Resolver semantics now match the spec's stated intent:
- resolveLookupKey applies priority-wins when basename matches share
  the same (type, name) — the local-override mechanism the design
  promised but the previous resolver contradicted.
- Genuine ambiguity is preserved when matches span multiple types
  (priority alone can't disambiguate a typed lookup).
- Same priority semantics now apply to alias matches.
- Documents array is documented as required to be in source priority
  order; helper resolveByPriorityOrAmbiguous() encapsulates the rule.

Tests updated to assert the new behavior plus a fresh test for the
cross-type ambiguity case (added a `coding:shortcut/typescript`
fixture entry to make this testable).

Spec §4.4 / §4.5 rewritten to remove the priority-vs-ambiguity
contradiction. The new §4.4 explicitly distinguishes:
- canonical-key collisions (fatal at build time)
- same (type, name) across bundles (priority resolves)
- same basename across different (type, name) buckets (ambiguous)
- a forward pointer to Q15 for the future mode= parameter.

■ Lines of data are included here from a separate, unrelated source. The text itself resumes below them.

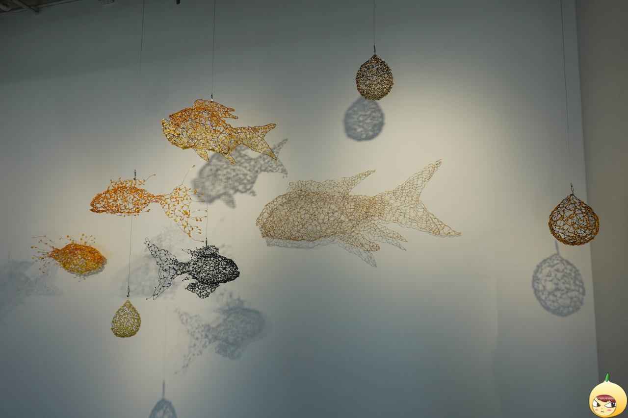 1층은 금기숙 작가의 최근 대표작인 물방울과 물고기가 설치됐다. 물방울로 가득 찬 좁고 긴 공간 속을 헤엄치는 물고기 작품은, 패션아트에서 출발한 작업이 이제 독립적인 조형 언어로서 새로운 지평을 열고 있음을 보여준다고 안내문에 나와 있다.
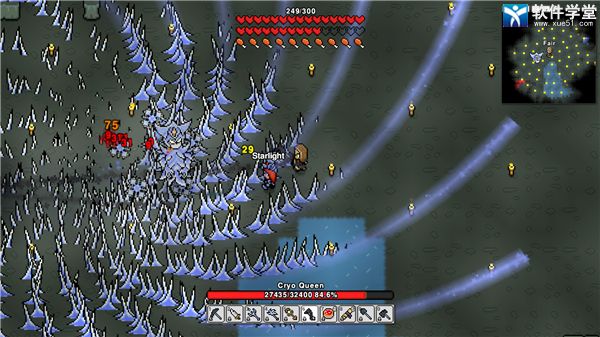 8、冰雪女王:最难打的boss之一,移动速度快,弹幕超级密集,近身战基本没戏,护甲叠起来一下也是三十多的血,推荐召唤物加上远程不断走位打,弹幕很麻烦,推荐拉开距离,差不多屏幕边上能看见boss这个距离就可以,不要贪杯,基本上这个boss技能中一下就代表后面一串也要吃上了。
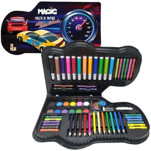 Divirta-se pintando e descobrindo novos materiais com a maleta de pintura Alta Velocidade da Escolar Magic. Contem 70 pecas para que voce pinte e use sua imaginacao ate cansar Aprenda brincando
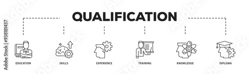 Qualification icon infographic illustration concept with icon of education, skills, experience, training, knowledge, and diploma icon png and easy to edit

Zod schemas now `.strict()` everywhere (G11 enforcement). Unknown
fields like a stray `lookup_path:` from f04 are rejected, not
silently dropped. Two new schema tests exercise this.

Cross-field validation added via superRefine: a non-local docref
(github:/gitlab:/git:/https:/...) must declare an explicit bundle.
Local docrefs (./, /, ../) may omit it. Two new tests cover both
sides.

Five architectural items deferred for joint review as Q15-Q19 in the
plan-spec, each with 2-4 design options and tradeoffs:
- Q15 Resolver semantics: keep current vs add `mode` parameter vs
  full DocGraph + DocMap policy-view split.
- Q16 Bundle ↔ source cardinality: 1:1 vs split bundles from
  sources vs optional grouping.
- Q17 Lockfile identity: docref-only vs add source_id vs full
  source_config_hash + content_hash.
- Q18 Override provenance: computed-by-name vs frontmatter pointer
  vs sidecar edge vs tbd-internal overlay.
- Q19 The overloaded `as` field: keep vs split into a discriminated
  `mode:` on sources vs KDEX-aligned literals.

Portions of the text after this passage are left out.